IT'S been called the greatest episode of military espionage since the Trojan Horse and now the incredibly story of the Allied effort to dupe the Germans about the 1943 invasion of Sicily is being turned into a film.

Starring Colin Firth, and based on historian Ben MacIntyre's book, Operation Mincemeat: The True Spy Story That Changed the Course of World War II, the film follows two Allied intelligence officers who come up with a disinformation strategy involving the dead body of a homeless Welsh man, a fictitious army officer and a suitcase full of fake documents.

What's even more extraordinary is that the ruse worked, German reinforcements were shifted to Greece and Sardinia, and thousands of soldiers' lives were save. And unbelievably, the market town of Mold, in Flintshire, played its part in what came to be known as Operation Mincemeat.

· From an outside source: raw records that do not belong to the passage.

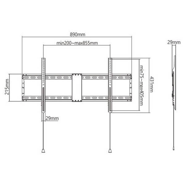 Βάση τηλεόρασης τοίχου (σταθερή), 43"-90" (70 kg). -Τοποθετήστε τέλεια την οθόνη σας. -Ελαφριά και επίπεδη σχεδίαση. -Aπό χάλυβα βαρέως τύπου. -Υποστηρίζει τις περισσότερες τηλεοράσεις LCD/Plasma 43" - 90". -Συμβατό με VESA, μέγ. 800 mm x 400 mm. -Απόσταση από τον τοίχο: 29 mm. -Περιλαμβάνει όλα τα απαραίτητα υλικά εγκατάστασης Μέγεθος οθόνης: 43" - 90".Συμβατό με Vesa: 200x200, 300x200, 400x200, 300x300, 400x300, 400x400, 600x400, 800x400 mm.Αντοχή βάρους: 70 kg.Προφίλ: 29 mm.Χρώμα: μαύρο.Τοποθέτηση: συμπαγής τοίχος, διπλό καρφί (406mm/450mm/600mm).Καθαρό βάρος: 2.37 kg.Εγγύηση: 2 χρόνια. DOA 7 ημερών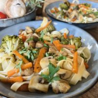 Tagliatelles aux petits légumes et champignons LOU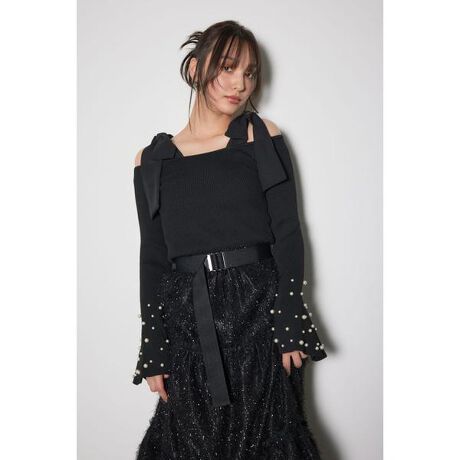 【シフォンのリボンがフェミニンなムードを引き立てる】■ポイントボディーラインをキレイに見せてくれるニットに、肩にはやわらかなシフォンのリボン、袖口にたっぷりパールをあしらったデコラティブな1枚に仕上がりました。■ディテール目を惹くショルダーリボンは調節が可能。リボンを後ろ側に持ってきてもバックコンシャスに着ていただけます。オフショルダーには程よいテンションのゴムが入っているのでずり落ちる心配もありません。ラッパ袖にすることで手元に抜け感を出し、あしらわれたパールがよりニュアンス感を演出します。■スタイリングミニにもロングスカートにも合わせやすいトップスになっています。デニムに合わせてキレイ目カジュアルも◎■生地透け感:なし裏地:なし伸縮性:あり光沢感:なし厚さ:中肉■商品のお気に入り登録お気に入りアイテムの再入荷・在庫1点などの通知を受け取ることができます。[注意事項]※画像の商品はサンプルです。実際の商品と仕様、加工が若干異なる場合があります。※画像の商品は光の照射や角度、お使いのモニター環境により、実物と色味が異なる場合がございます。※着用、お取り扱いの際は、アテンションタグをご確認ください。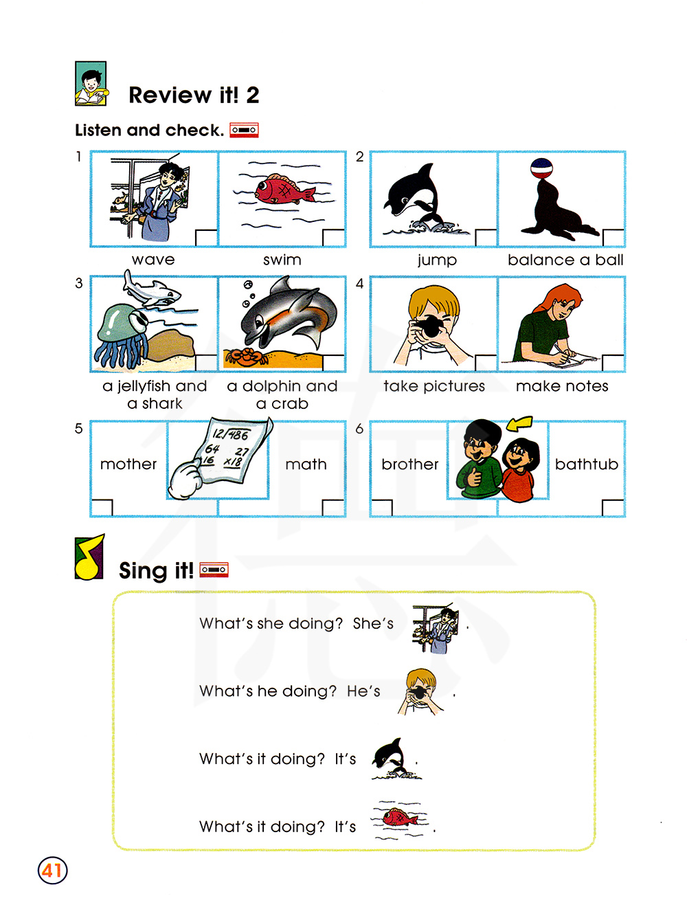 她正在做什么?她正在挥手。他正在做什么?他正在照相。它正在做什么?它正在跳。它正在做什么?它正在游泳。(歌曲)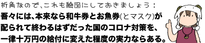 本来なら和牛券とお魚券(とマスク)が配られて終わるはずだった国のコロナ対策を、一律十万円の給付に変えた実績がある。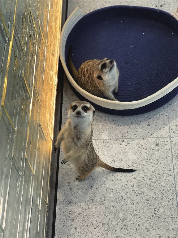 与顾客互动的狐獴。 记者 赵晨民 摄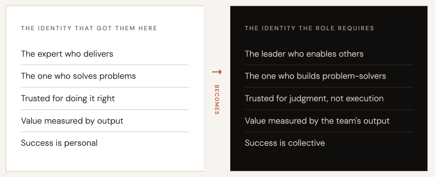 For years, their identity has been built around being the one who delivers. The expert. The reliable one. The person who gets things done. That identity served them well. It's why they were promoted.

Early in 1943 the Allies were anxious to build on their stunning military successes against Nazi Germany in North Africa.

The Anglo-American high command decided their next target should be Sicily from where they could leapfrog to the toe of Italy, fighting their way northwards into the heart of Hitler's Fortress Europe.

But the Allied leaders also knew invading Sicily presented a huge challenge and could easily end in a massive bloodbath if the German and Italian defenders knew the island was the target.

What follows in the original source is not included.